Omega in Newcomb’s problem is doing something that plausibly is very general
This seems to be the claim under dispute, and the question of fairness should be distinguished from the claim that Omega is doing something realistic or unrealistic. I think we agree that Newcomb-like situations are practically possible. But it may be that my unfair game is practically possible too, and that in principle no decision theory can come out maximizing utility in every practically possible game.
One response might be to say Newcomb’s problem is more unfair than the problem of simply choosing between two boxes containing different amounts of money, because Newcomb’s distribution of utility makes mention of the decision. Newcomb’s is unfair because it goes meta on the decider. My TDT punishing game is much more unfair than Newcomb’s because it goes one ‘meta’ level up from there, making mention of the decision theories.
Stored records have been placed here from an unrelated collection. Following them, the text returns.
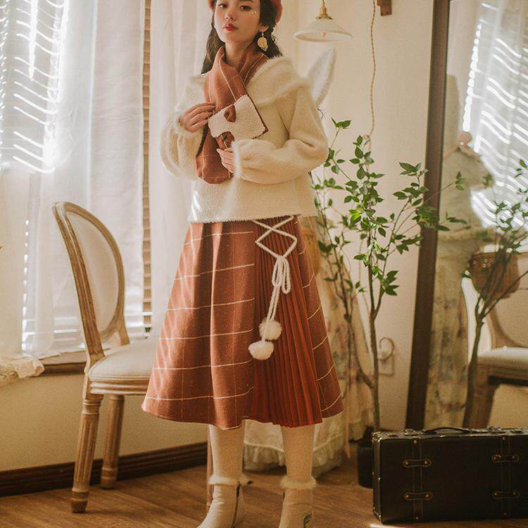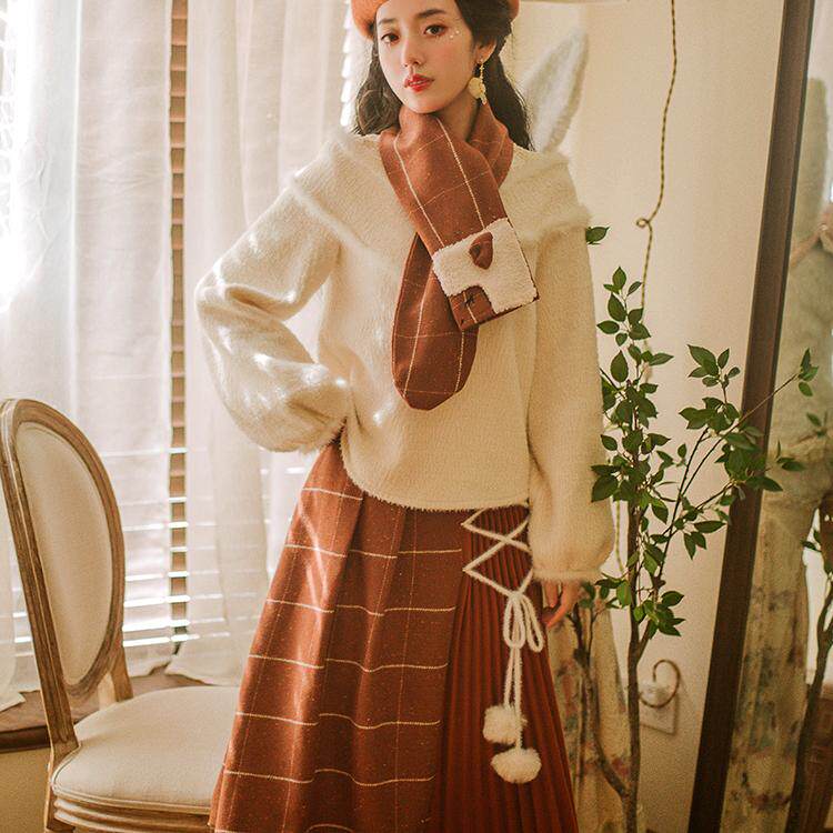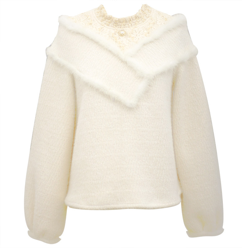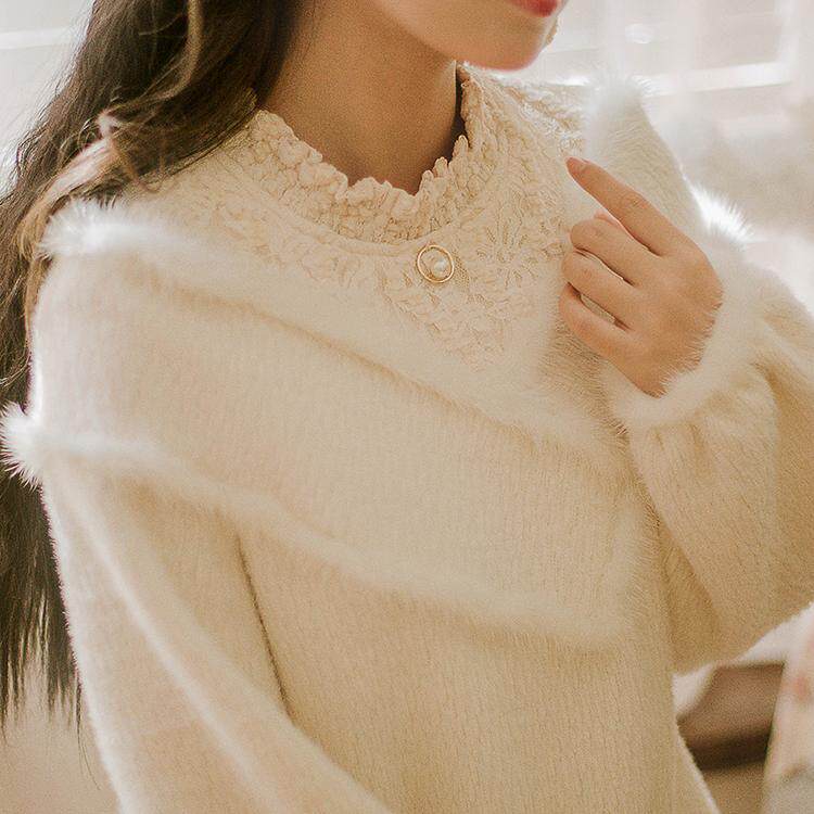 新 原创慵懒软奶系高级感杏色毛衣女仿貂毛针织衫 花间裳 昆仑煮雪
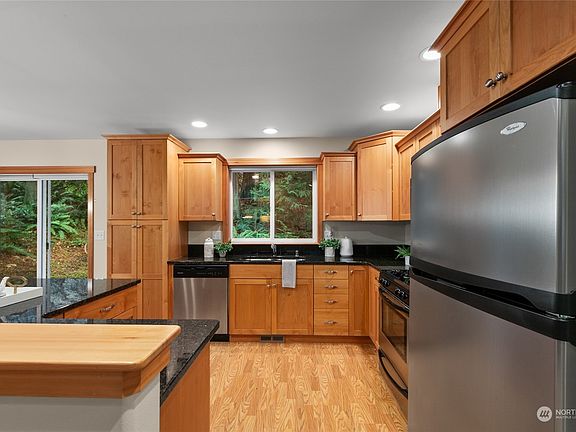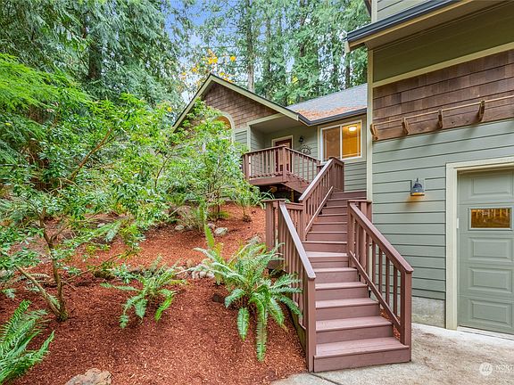 This 4BD, 2.5BA property is your cozy PNW dream come true! In the spacious living room, you’ll find vaulted ceilings, fireplace, and a charming crescent window for tons of natural light. Perfect for entertaining, you’ll love the finished lower level & the open concept kitchen with wood floors and plenty of cabinet storage. Your large primary suite is the star of the show with attached bath ft. a separate shower & huge tub. Step out onto the back deck to enjoy the peaceful, private feel of this property— perfect for morning coffee or evening gatherings. With a brand-new roof and hot water heater, + access to all Sudden Valley amenities, this home is turn-key and ready to become your haven in the woods.
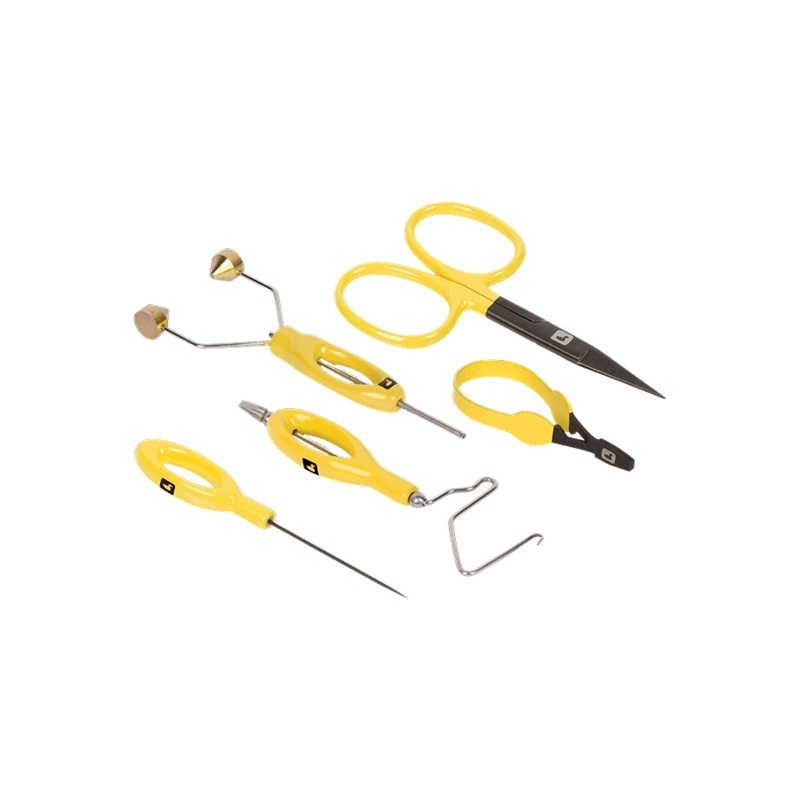 Packaged in a heavy-duty travel case and featuring the Ergo All-Purpose Scissors, Ergo All Purpose Bobbin, Ergo Bodkin, Ergo Whip Finisher, and Ergo Hackle Plier this is an excellent choice as a gift for the first-time tyer, or the long-time tyer who wants to trick out his or her bench with something new.
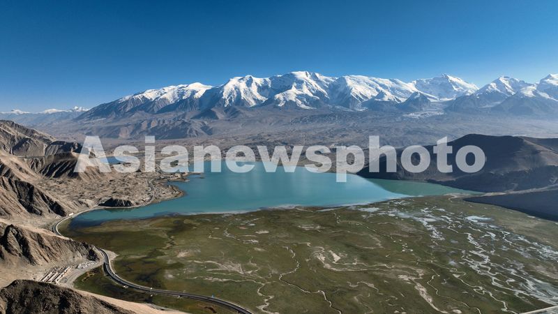 图片说明:2025年8月27日,空中俯瞰喀拉库勒湖澄澈的湖水中皎洁的冰山倒影其中,景色十分迷人。
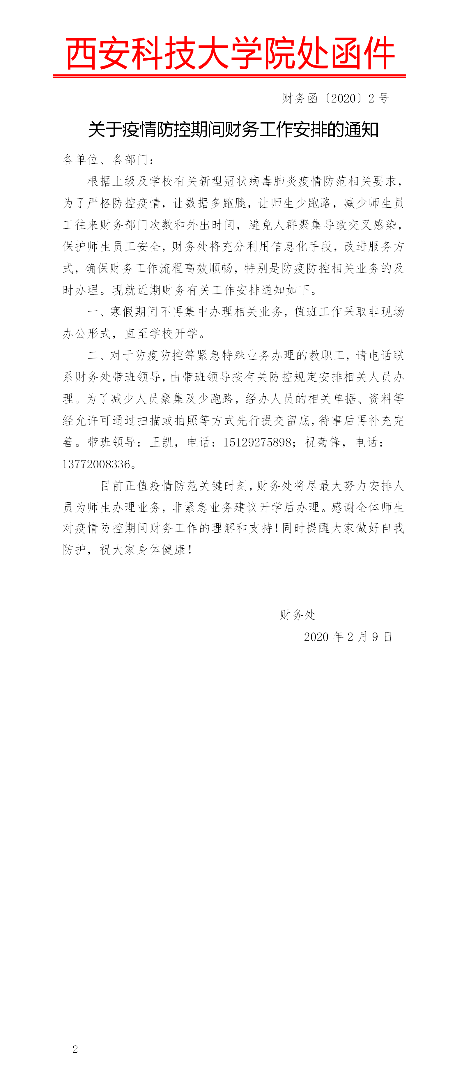 关于疫情防控期间财务工作安排的通知.doc
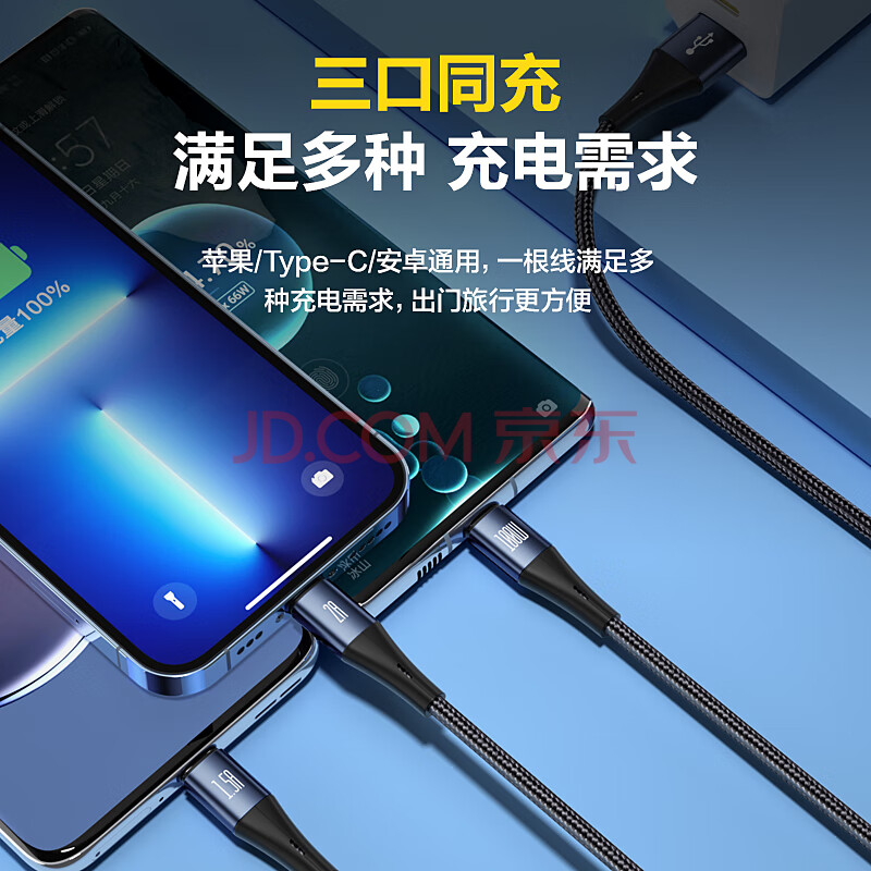商品相册:品胜充电线三合一数据线6a/5a快充100W/66W一拖三线适用苹果17/16/14华为Mate80pro/P70小米15手机车载第
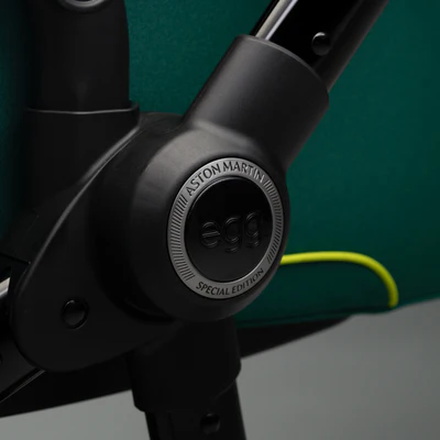 Crna konstrukcija visokog sjaja Performance Green Aston Martin egg3® kolica obogaćena je redizajniranim središnjim čvorištem sa srebrnim rubom, koje odražava rotacijske kontrole Aston Martin interijera i unosi dašak automobilske preciznosti. Savršeno se nadopunjuje s kotačima u obliku saća, inspiriranima Aston Martin Valour i Victor modelima, dok Tru-Ride® tehnologija osigurava glatku, tihu i sigurnu vožnju na svakom putovanju. Potpuna amortizacija, prednji kotači s opcijom okretanja ili blokade te prostrana košara jamče svakodnevnu praktičnost.
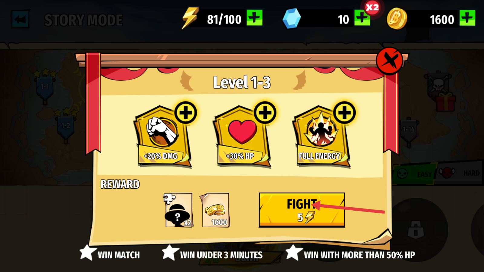 1、挑战【Level-1-3】前,激活【 20%DMG】【 30%HP】【FULL-ENERGY】加成,点击【FIGHT】消耗5体力开战。
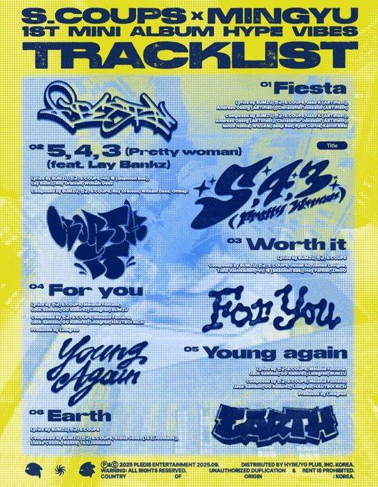하이브(의장 방시혁) 뮤직그룹의 레이블 플레디스 엔터테인먼트는 지난 12일 오후 10시에 세븐틴의 공식 SNS에 에스쿱스X민규 미니 1집 ‘HYPE VIBES’의 트랙리스트를 게재했다. 이에 따르면 신보에는 타이틀곡 ‘5, 4, 3 (Pretty woman) (feat. Lay Bankz)’를 포함해 ‘Fiesta’, ‘Worth it’, ‘For you’, ‘Young again’, ‘Earth’ 총 6곡이 실린다.
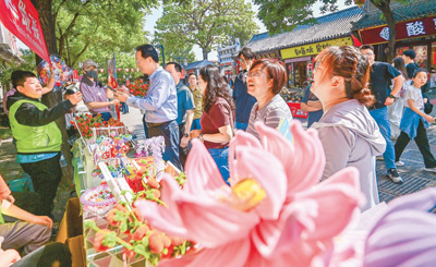 5月18日,山东省青州市古城景区举办全国助残日活动。图为游客在选购由残疾人制作的手工艺品。王继林摄(人民图片)
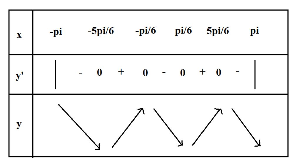 $y'=0 ↔ cos2x=\dfrac{1}{2} ↔ \left[ \begin{array}{l}2x=\dfrac{\pi}{3}+k2\pi\\2x=-\dfrac{\pi}{3}+k2\pi\end{array} \right.$
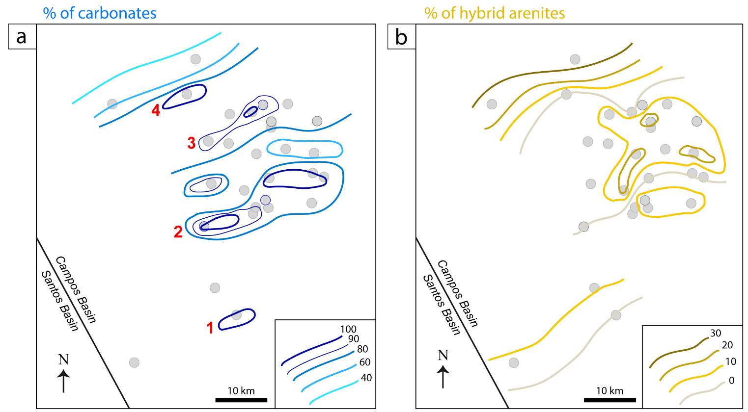 We conclude that carbonate-siliciclastic mixing in the Albian of the Campos Basin occurs in different scales (bed, lithofacies and stratigraphic scales), and is caused by a combination of different factors: (i) in situ mixing related to the interplay between waves and currents transporting and depositing the sediments, resulting in compositional-mixing; (ii) high-frequency cycles of base level rise, causing a retreat of the hybrid system towards the continent; and (iii) salt tectonics influencing sediment dispersal patterns and the development and geometry of shoals.

You could argue that even if no decision theory can maximise in every arbitrarily unfair game, there are degrees of unfairness related to the degree to which the problem ‘goes meta’. We should just prefer the decision theory that can maximise the at the highest level of unfairness. This could probably be supported by the observation that while all these unfair games are practically possible, the more unfair a game is the less likely we are to encounter it outside of a philosophy paper. You could probably come up with a formalization of unfairness, though it might be tricky to argue that it’s relevantly exhaustive and linear.
EDIT: (Just a note, you could argue all this without actually granting that my unfair game is practically possible, or that Newcomb’s problem is unfair, since the two-boxer will provide those premises.)
A theory that is incapable of dealing with agents that make decisions based on the projected reactions of other players, is worthless in the real world.
TDT does in fact sketch a fairly detailed model of “what sort of situation is ‘fair’ for the purpose of this paper”, and it explicitly excludes referring to the specific theory that the agent implements. Note that Newcomb did not set out to deliberately punish TDT (would be hard; considering Newcomb predates TDT); so your variation shouldn’t either.
I think an easy way to judge between fair and unfair problems is whether you need to label the decision theory. Without a little label saying “TDT” or “CDT”, Omega can still punish two-boxers based on the outcome (factual or counterfactual) of their decision theory, regardless of what decision theory they used.
How do you penalize TDT, without actually having to say “I’ll penalize TDT”, based solely on the expected results of the decision theory?
How do you penalize TDT, without actually having to say “I’ll penalize TDT”, based solely on the expected results of the decision theory?
Typically by withholding information about the actual payoffs that will be experienced. eg. Tell the agents they are playing Newcomb’s problem but don’t mention that all millionaires are going to be murdered...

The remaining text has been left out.